-- AIM OF THE EXERCISE --
The answer is the first line of the listing and every line after it through the one containing "に3カメラドラレコに電圧監視ユニットを付けます", exact, with pictures removed.

-- DATA EXTRACT --
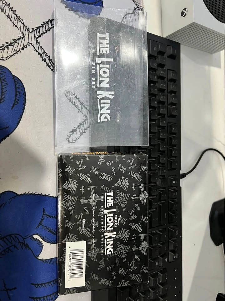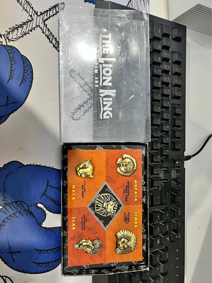Collectible Disney The Lion King pin set featuring Mufasa, Simba, Nala, Scar, and a Lion King logo pin. All pins are gold-colored and come in their original box with a clear plastic cover. The plastic cover has some scuffs and scratches.
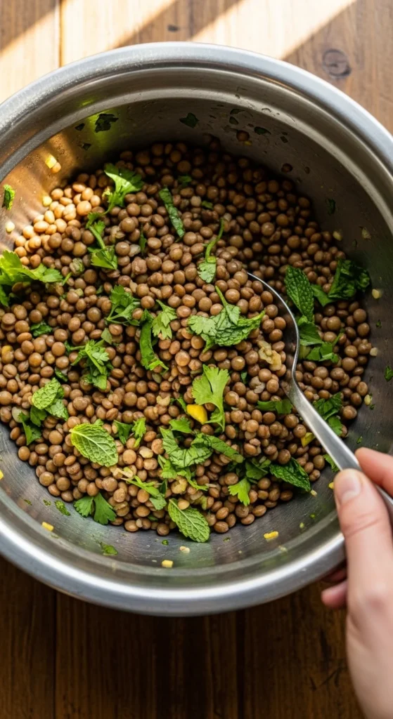 Once your lentils reach the right texture, drain any excess liquid using a fine strainer. Then, season them while they’re still warm — this helps them soak up flavor better.
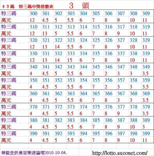 加幣原因:3 頭 特 三 尾 300 ~ 399 倍 數 表 !
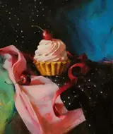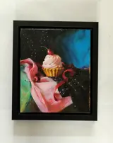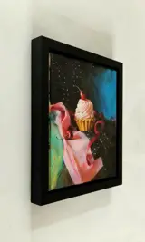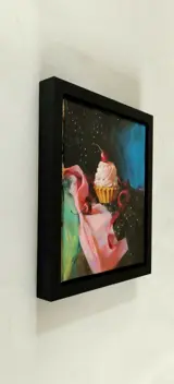 Stilleven met taartje en kersen in zwarte baklijst. Het werk is gesigneerd met N. Velikaya en van een opkomende kunstenaar uit Rusland.
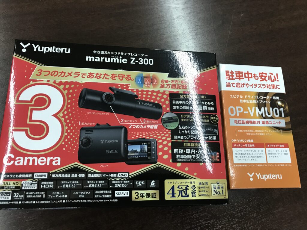 に3カメラドラレコに電圧監視ユニットを付けます
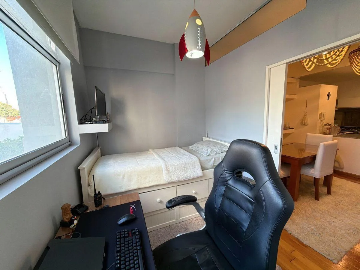 Apartamento mobiliado em bom estado, pronto para ocupação. O edifício tem vigilância e segurança e permite animais de estimação e crianças. O imóvel está em um local descrito como tranquilo.
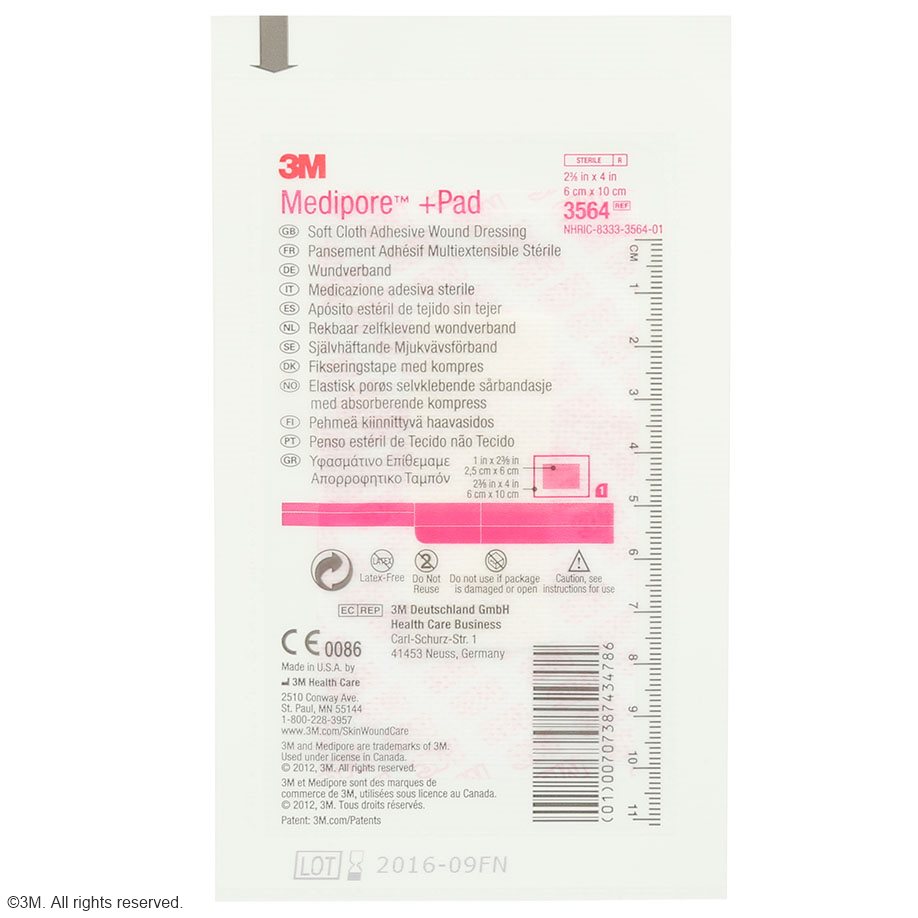 Medipore™ + Pad ist ein steriler Fertigverband mit einer nicht anhaftenden, absorbierenden Wundauflage. Überall da, wo es schnell gehen soll bietet er eine sichere und leichte Applikation in der Wundversorgung. Er ist weich, anschmiegsam und atmungsaktiv. Die Wundauflage absorbiert Sekret ohne an der Wunde anzuhaften. Medipore™ + Pad hat abgerundete Ecken und verhindert so ein vorzeitiges Ablösen des Verbandes. Er besteht aus einem Sontara-Polyestervlies, der Klebstoff ist ein hautfreundliches Polyacrylat.
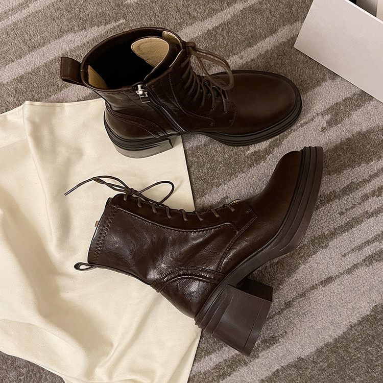 弹力靴2025新款 粗跟厚底马丁靴 前系带圆头瘦瘦靴 弹力靴 猪皮里
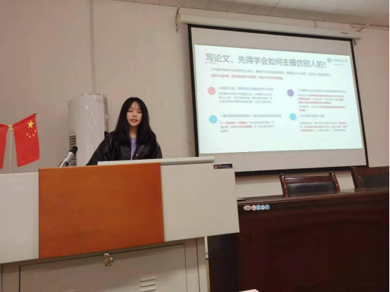 刘敏从自身发表的论文与主持(参与)课题经验出发,讲述了论文写作与发表的方法与经验。她从文献选择、文献阅读、论文选题、写作方法四个方面梳理了一篇论文的产生过程,并提出要重视优秀文献的写作范式与研究方法,即使研究领域不同,也可作为借鉴。她还重点强调研一新生选题不要一味求新,要量力而行。最后,刘敏同学提出在研究过程中一定要求真务实,要多看、多问、多思考、多讨论。

-- RESPONSE BOX --
Collectible Disney The Lion King pin set featuring Mufasa, Simba, Nala, Scar, and a Lion King logo pin. All pins are gold-colored and come in their original box with a clear plastic cover. The plastic cover has some scuffs and scratches.
 Once your lentils reach the right texture, drain any excess liquid using a fine strainer. Then, season them while they’re still warm — this helps them soak up flavor better.
 加幣原因:3 頭 特 三 尾 300 ~ 399 倍 數 表 !
 Stilleven met taartje en kersen in zwarte baklijst. Het werk is gesigneerd met N. Velikaya en van een opkomende kunstenaar uit Rusland.
 に3カメラドラレコに電圧監視ユニットを付けます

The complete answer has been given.